Incredibile il fermento che anima questi Commissari e questi direttori, una bella doccia gelata stop tavolo unitario per riforma e in attesa bocce fermeperchè anche l’Ater della Provincia si sta dando da fare.
Oggi l’Assessore Regionale Refrigeri ha ricevuto le OO.SS molto incazzate, in quanto sia all’Ater di Roma che all’Ater della Provincia questi commissari stanno dando i numeri per un efficientismo rivolto solo nei confronti dei dipendenti, ma per quanto riguarda invece la gestione è sempre tutto uguale, illegalità e abuso.
Alla Provincia di Roma il Commissario tutto fare che svolge anche il ruolo del direttore ha deciso di tafliare il salario accessorio ai fini del risparmio, ma solo sui dipendenti per dimostrare in questo modo che forse l’Ater può risollevarsi,ma la cosa è alquanto ridicola perché le Ater si potranno risollevare solo se si applicheranno correttamente le leggi vigenti e non interpretate dai vari dirigenti e se vendono gli immobili in modo da risparmiare notevolmente su manutenzioni aleatorie .
Risparmiare quei due soldi tagliando gli stipendi non si fa altro che aumentare la crisi perché se questi signori non lo hanno ancora capito il sistema capitalistico si regge solo sulla spesa.

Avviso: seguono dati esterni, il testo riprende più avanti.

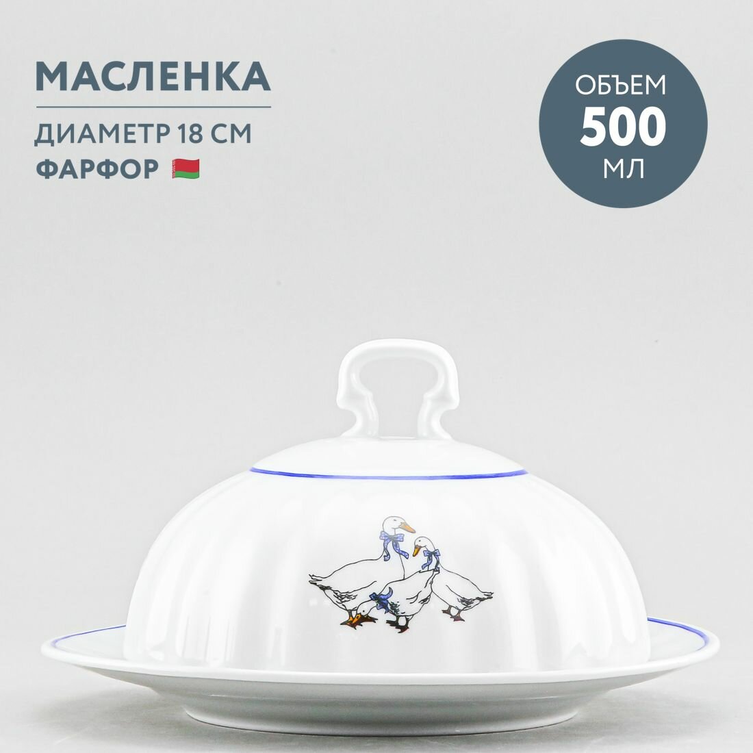 Масленка для сливочного масла круглая Добрушский фарфор Гуси интересное:

Inoltre tale taglio che è anche risibile nella sua sostanza è ingiustificato in quanto i dipendenti della Provincia hanno sempre dato tutto il loro impegno e non si capiscono tali scelte.
Vogliono tutti imitare RENZI, ma senza averne il physique du role, purtroppo anche questo Commissario ci ha profondamente deluso e siamo veramente preoccupati di cosa possa combinare ancora.
In merito all’ATER di Roma la Regione ha riservato anche per l’Ater di Roma una bella doccia gelata.
L’assessore ha parlato di un tavolo unitario di confronto sulla riforma e in attesa bocce ferme per tutti.
Come prenderà questa notizia il Commissario e il direttore di Roma?
Invece di pensare alla finta riorganizzazione, mascherata da un finta anticorruzione, perché non si attiva a rivedere tutte le direttive oscene e illegittime che sono state fatte nel corso di questi anni da dirigenti che si credevano di essere dei legislatori?
Perché non ristabilisce la legalità e la trasparenza all’interno dell’Ater?
Perché non vende gli alloggi che sono sui piani di vendita eliminando così le pesanti discriminazioni fatte fino ad oggi?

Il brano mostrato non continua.